"Niko...pernah sekolah di SLB?" Berusaha mengonfirmasi.
Keringat Niko mulai keluar, besar sekali keringatnya, meski tidak sebeser kelereng. Kali ini, wajahnya juga terlihat tegang.
"Iya pak..tapii.." Niko nampak memelas, mungkin beroikir saya akan melarangnya.
"Tidak Niko, jangan kuatir, saya tidak akan menolak Niko, hanya saya perlu tahu, Niko mengapa sekolah di SLB"
Secara kasat mata, tidak terlihat ada masalah di fisik, prediksi saya, telingat, Niko mengidap tuli. Tetapi saya juga ingat, biasanya saudara yang tuna rungu, sulit bicara, tapi kali ini Niko bisa kok bicara, bahkan cukup lacar.
Niko menyeka keringatnya, dua jarinya bersentuhan, dengan irama tertentu. Masih tegang.
"Oh...saya ulangi ya Niko, mengapa Niko, masuk di SLB, apa Niko tahu alasannya?"
Mata Niko menatap saya agak lama. Saya sabar menunggu jawaban dari Niko yang hari itu mengenakan kaos berwarna merah, bertuliskan confidence.

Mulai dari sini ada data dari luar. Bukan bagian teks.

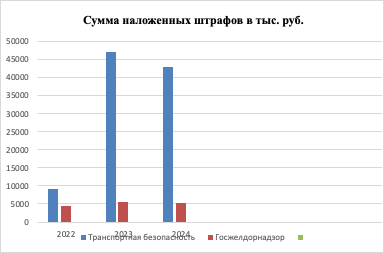 На графике 1 мы видим сравнение эффективности наложения административных штрафов отделом Транспортной безопасности и Госжелдорнадзором с 2022 года по 2024 год. Из графика 1 мы видим преимущества постоянного рейда в контрольно-надзорной деятельности, которые заключаются в возможности непрерывного контроля за соблюдением обязательных требований. Инспекторы транспортной безопасности могут постоянно проводить контрольно – надзорные мероприятие, где доступ инспекторов ограничен, что важно для предупреждения, выявления и пресечения нарушений. Таким образом автор предлагает ввести изменения в Положение о государственном железнодорожном контроле (надзоре), дополнить его разделом постоянный рейд. Что приведет к более качественному проведению контрольно-надзорных мероприятий. Например, сотрудники госжелдорнадзора смогут проводить проверки железнодорожного подвижного состава в части соблюдения требований пожарной безопасности, доступной среды для инвалидов и маломобильных граждан, проверки железнодорожных переездов что должно уменьшить количество транспортных происшествий.

"Eee...saya tidak bisa membedakan B dan P pak" jawab Niko.
"Oooo....."
Betulkah jawaban Niko? Bagaimana jika lebih parah dari itu? Syukur saya jadi ingat, Ambros, calon siswa yang lebih dahulu saya wawancarai. Ambros ini rumahnya berdekatan dengan Niko, di daerah Belo, sekitar 6 atau 7 km dari lokasi BLK, tempat saya bekerja.